<<<<

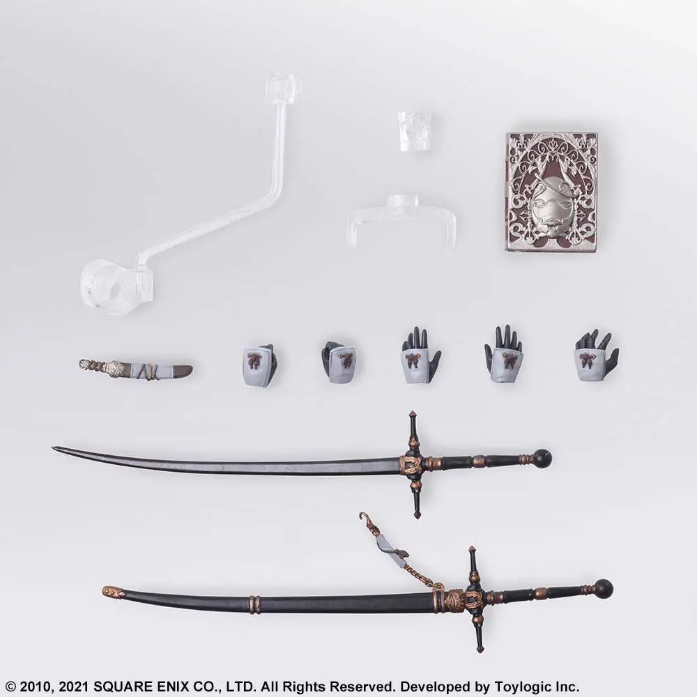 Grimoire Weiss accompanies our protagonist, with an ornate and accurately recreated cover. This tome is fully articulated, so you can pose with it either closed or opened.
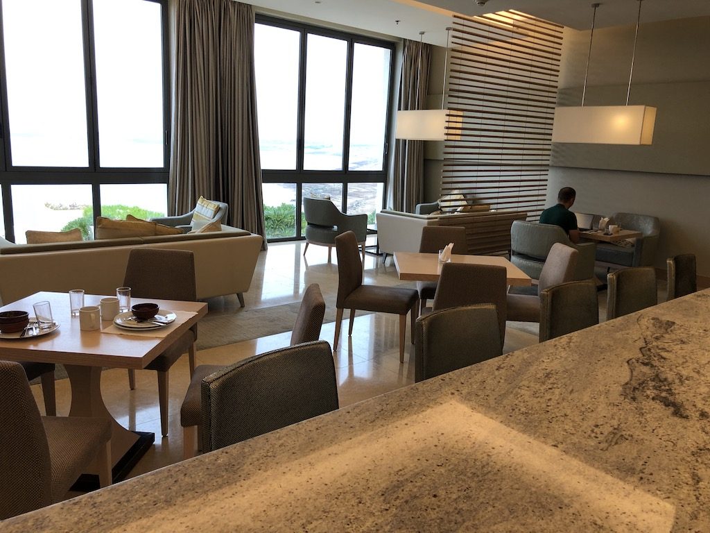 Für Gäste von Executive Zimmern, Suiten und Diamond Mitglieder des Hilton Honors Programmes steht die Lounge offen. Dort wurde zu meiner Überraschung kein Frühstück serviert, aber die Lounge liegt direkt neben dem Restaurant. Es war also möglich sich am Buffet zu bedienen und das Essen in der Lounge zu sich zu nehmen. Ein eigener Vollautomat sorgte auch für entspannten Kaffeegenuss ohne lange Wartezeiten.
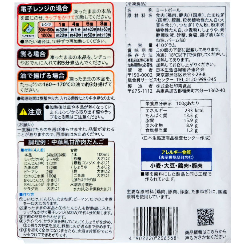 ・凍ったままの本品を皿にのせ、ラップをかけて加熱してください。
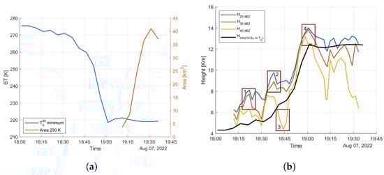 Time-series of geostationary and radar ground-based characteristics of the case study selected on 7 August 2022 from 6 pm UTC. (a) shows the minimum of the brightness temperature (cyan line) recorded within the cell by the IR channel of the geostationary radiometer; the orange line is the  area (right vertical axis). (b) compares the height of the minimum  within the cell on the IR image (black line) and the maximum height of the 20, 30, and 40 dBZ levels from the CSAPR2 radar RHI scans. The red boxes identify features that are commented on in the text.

>>>>
<<<<

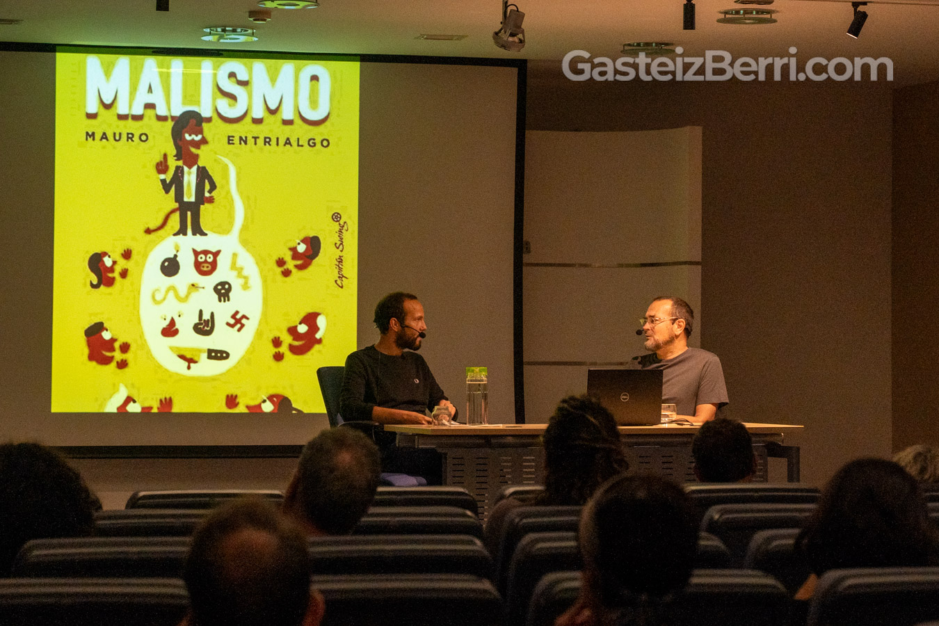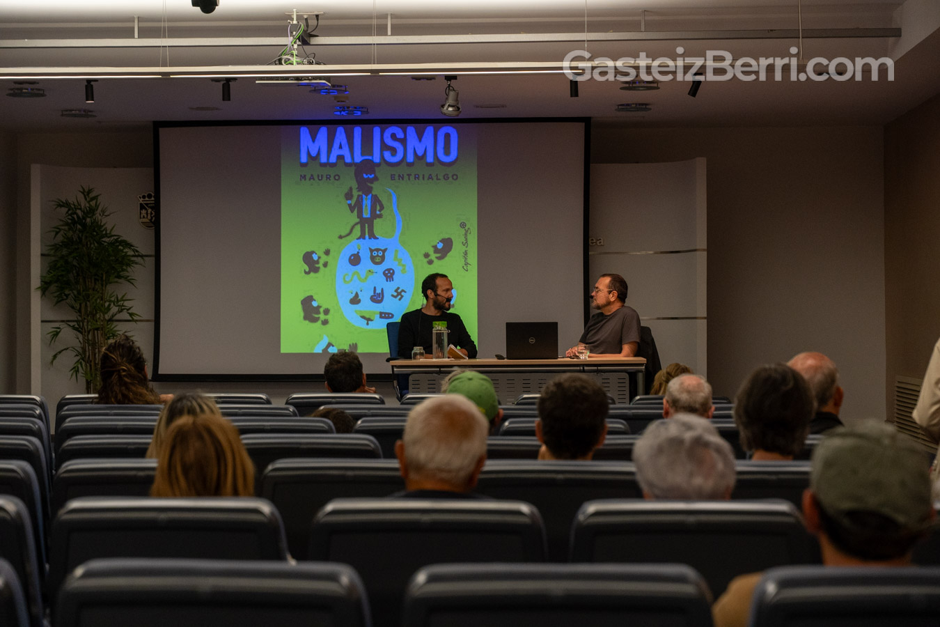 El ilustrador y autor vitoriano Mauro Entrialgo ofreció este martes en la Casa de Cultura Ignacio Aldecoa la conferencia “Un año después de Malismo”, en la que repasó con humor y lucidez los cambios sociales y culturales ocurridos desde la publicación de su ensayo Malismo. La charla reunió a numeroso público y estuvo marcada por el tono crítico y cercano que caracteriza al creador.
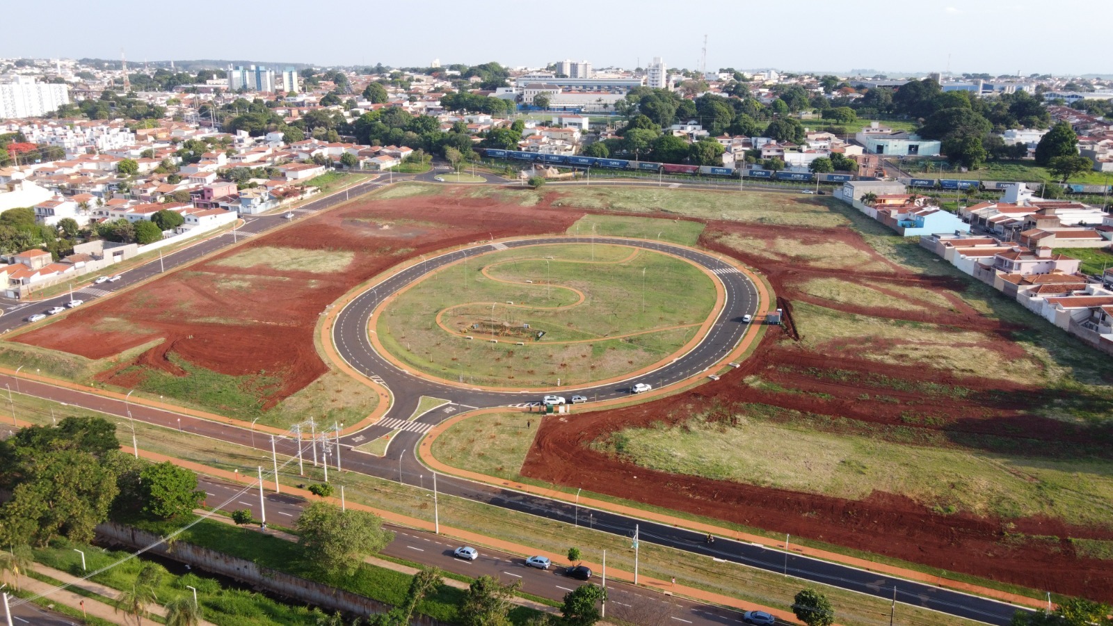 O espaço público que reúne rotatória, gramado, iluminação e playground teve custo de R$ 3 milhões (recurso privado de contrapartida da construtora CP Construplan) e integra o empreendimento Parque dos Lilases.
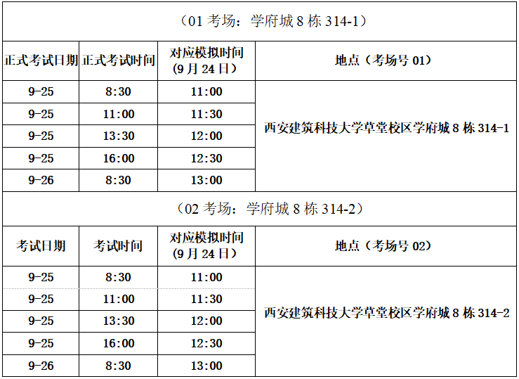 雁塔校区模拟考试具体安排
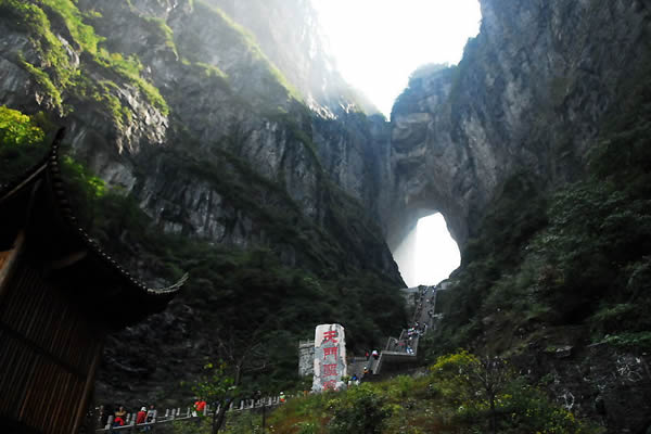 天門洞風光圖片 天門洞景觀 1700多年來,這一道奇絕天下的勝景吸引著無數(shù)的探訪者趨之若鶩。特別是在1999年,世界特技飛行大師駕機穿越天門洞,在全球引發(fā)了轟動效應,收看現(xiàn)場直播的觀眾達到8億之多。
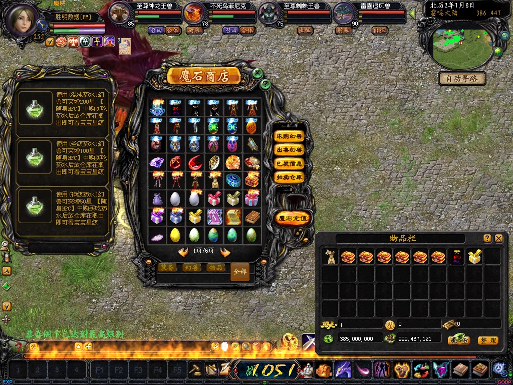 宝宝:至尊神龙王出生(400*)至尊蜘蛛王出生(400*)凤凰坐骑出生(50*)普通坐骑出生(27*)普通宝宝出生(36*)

>>>>

**EXERCISE GOAL**
Look above for the line with "O espaço público" and the line with "宝宝:至尊神龙王出生(400"; set down those two lines and all lines between them exactly, without pictures and without anything else.

**YOUR SOLUTION**
 O espaço público que reúne rotatória, gramado, iluminação e playground teve custo de R$ 3 milhões (recurso privado de contrapartida da construtora CP Construplan) e integra o empreendimento Parque dos Lilases.
 雁塔校区模拟考试具体安排
 天門洞風光圖片 天門洞景觀 1700多年來,這一道奇絕天下的勝景吸引著無數(shù)的探訪者趨之若鶩。特別是在1999年,世界特技飛行大師駕機穿越天門洞,在全球引發(fā)了轟動效應,收看現(xiàn)場直播的觀眾達到8億之多。
 宝宝:至尊神龙王出生(400*)至尊蜘蛛王出生(400*)凤凰坐骑出生(50*)普通坐骑出生(27*)普通宝宝出生(36*)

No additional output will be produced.